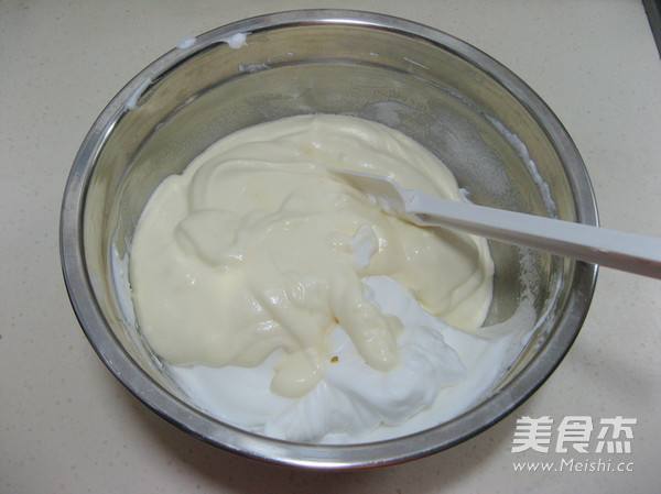 7. 取三分之一的蛋白糊入蛋黄糊中,翻拌均匀
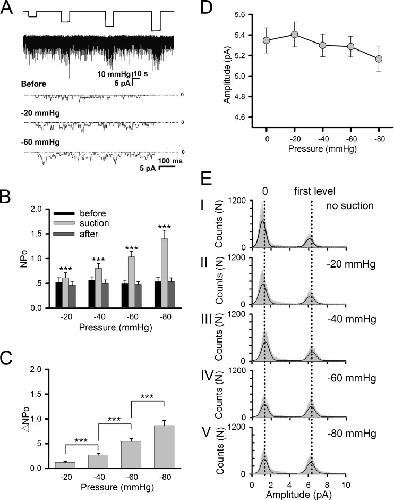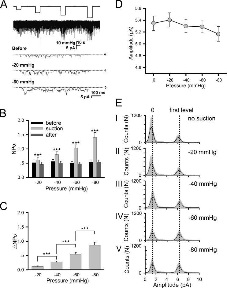 Fig. 2. Mechanosensitivity of AChRs exogenously expressed in HEK293T cells. Cells were transfected with AChR subunits α, β, δ, and γ. a Sample traces of ACh-induced currents under different negative pressures. Included in the pipette was 0.5 μM ACh. b Channel activity NPo and c its difference ΔNPo under different negative pressure levels; the former shows values before (black), during (gray), and after (dark gray) negative pressure application; n = 26, 24, 22, 10 patches for −20, −40, −60, −80 mmHg, respectively. Symbols denoting statistical significance are the same as in Fig. 1. d Mean amplitudes of single channel currents at different negative pressures. These values were calculated from all-points amplitude histograms as shown in (e), taking the difference between the first and second peak as the mean single-channel AChR current amplitude |
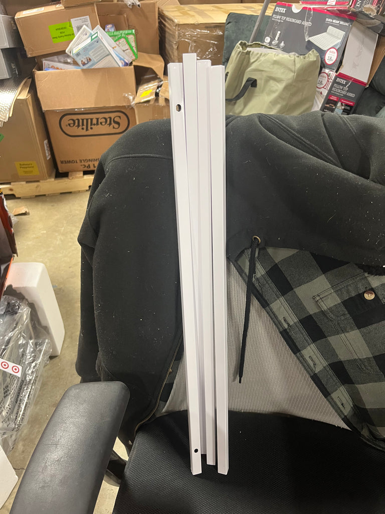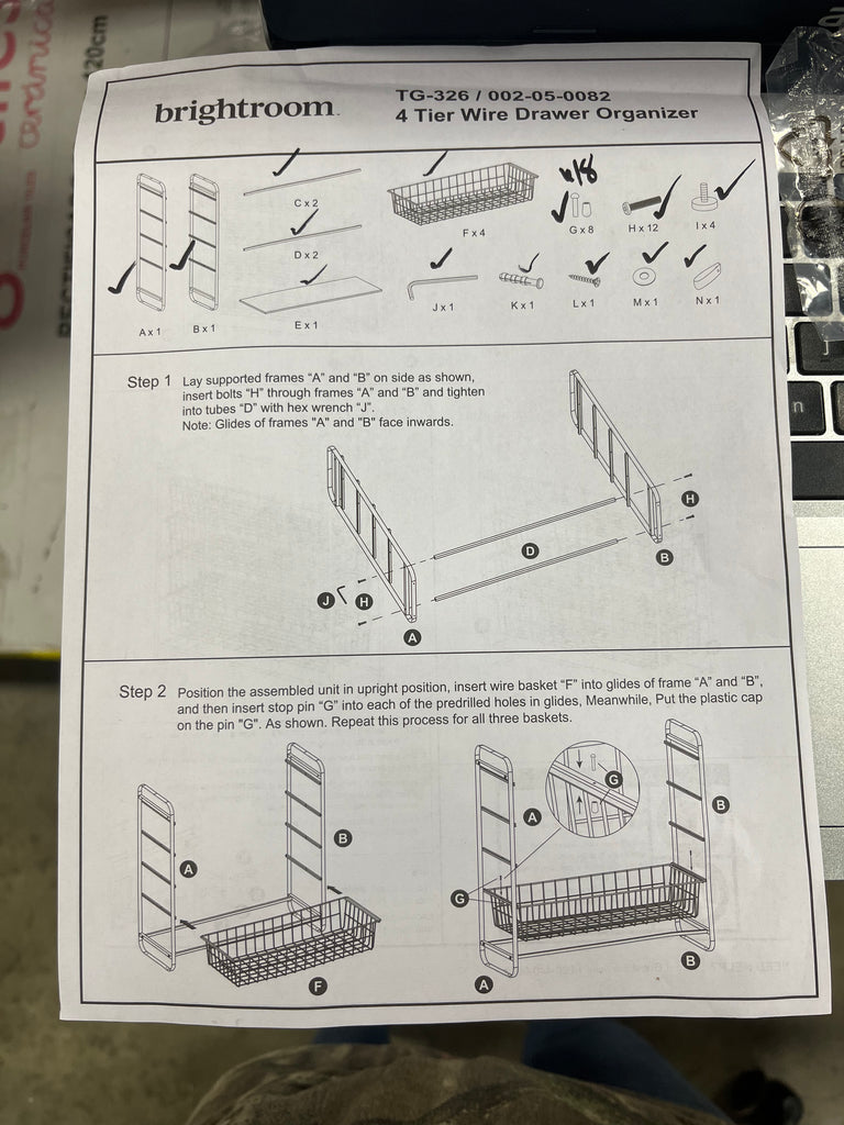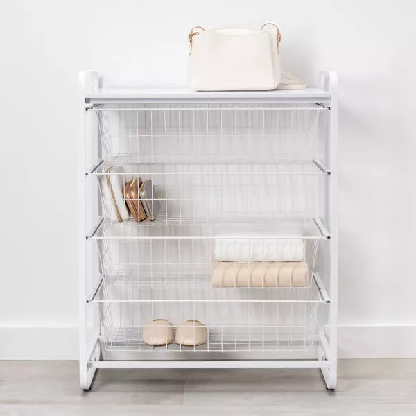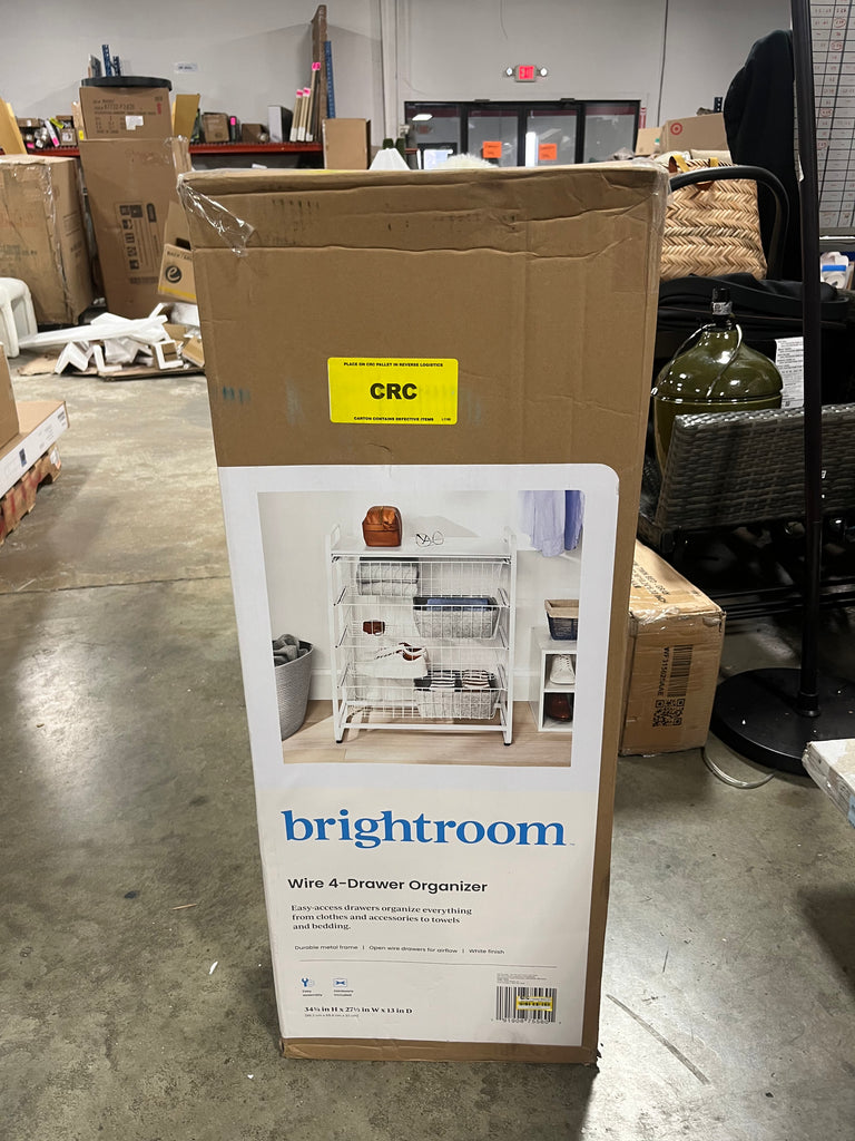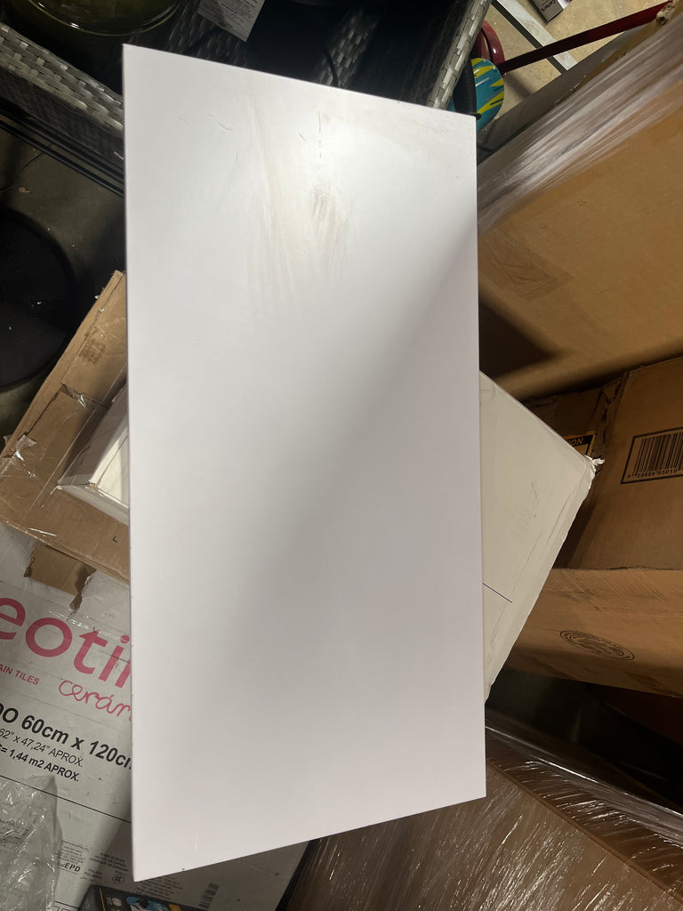 Note: Top board has some dark marks in the top left corner and some light scratching in the middle of the left side. Some of the baskets have some light scuffing on the metal. Missing 2 small nails. See pictures for more details.
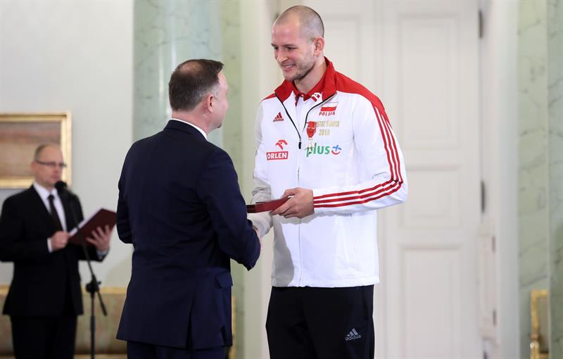 Andrzej Duda uhonorował także całą drużynę reprezentacyjną wręczając jej kapitanowi Michałowi Kubiakowi flagę narodową. Siatkarze zrewanżowali się przekazując prezydentowi koszulkę reprezentacji Polski z numerem 6. (pap)
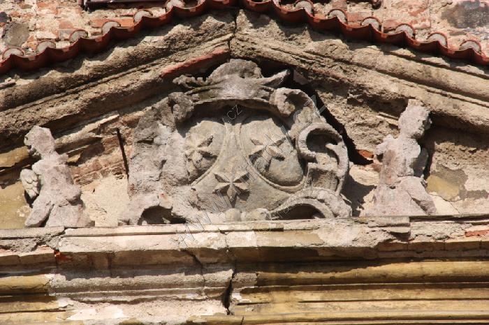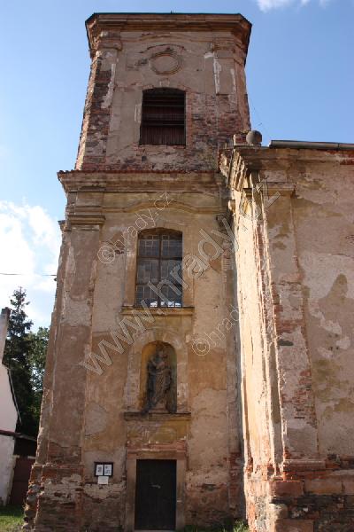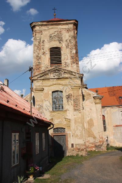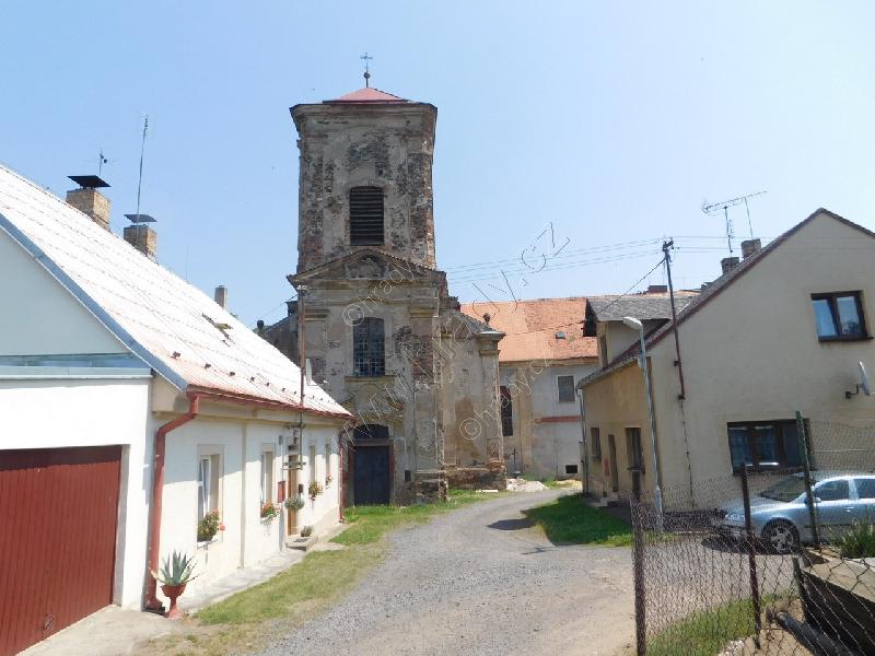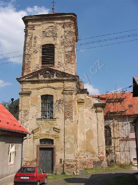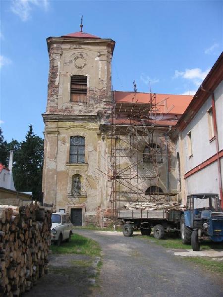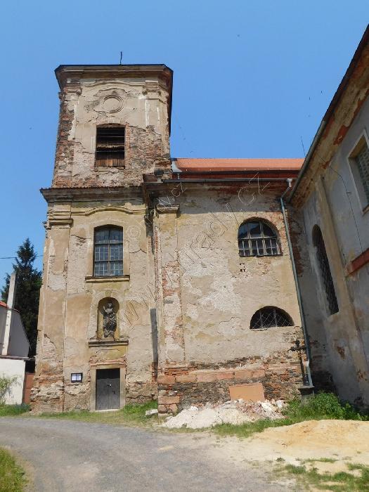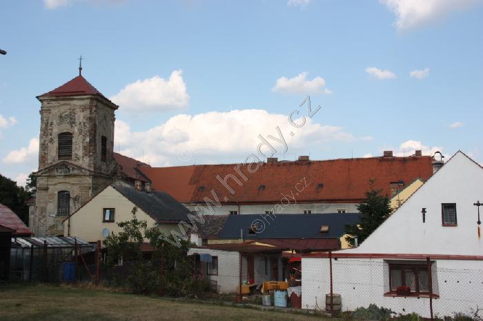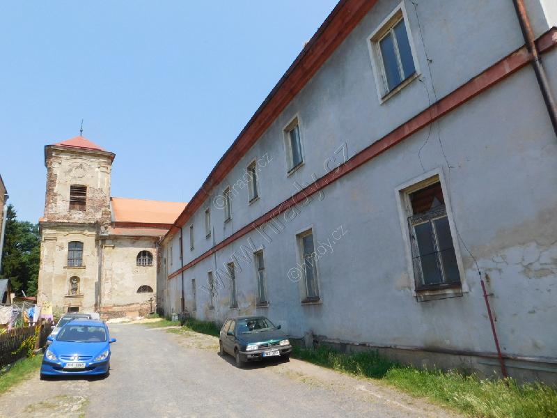 Kostel od západu, vlevo ruiny původního zámeckého pivovaru

[What the exercise asks] Without the pictures, transcribe exactly the lines above from the one containing "Fig. 2. Mechanosensitivity" through the last.

[Solution to this problem]
 Fig. 2. Mechanosensitivity of AChRs exogenously expressed in HEK293T cells. Cells were transfected with AChR subunits α, β, δ, and γ. a Sample traces of ACh-induced currents under different negative pressures. Included in the pipette was 0.5 μM ACh. b Channel activity NPo and c its difference ΔNPo under different negative pressure levels; the former shows values before (black), during (gray), and after (dark gray) negative pressure application; n = 26, 24, 22, 10 patches for −20, −40, −60, −80 mmHg, respectively. Symbols denoting statistical significance are the same as in Fig. 1. d Mean amplitudes of single channel currents at different negative pressures. These values were calculated from all-points amplitude histograms as shown in (e), taking the difference between the first and second peak as the mean single-channel AChR current amplitude |
 Note: Top board has some dark marks in the top left corner and some light scratching in the middle of the left side. Some of the baskets have some light scuffing on the metal. Missing 2 small nails. See pictures for more details.
 Andrzej Duda uhonorował także całą drużynę reprezentacyjną wręczając jej kapitanowi Michałowi Kubiakowi flagę narodową. Siatkarze zrewanżowali się przekazując prezydentowi koszulkę reprezentacji Polski z numerem 6. (pap)
 Kostel od západu, vlevo ruiny původního zámeckého pivovaru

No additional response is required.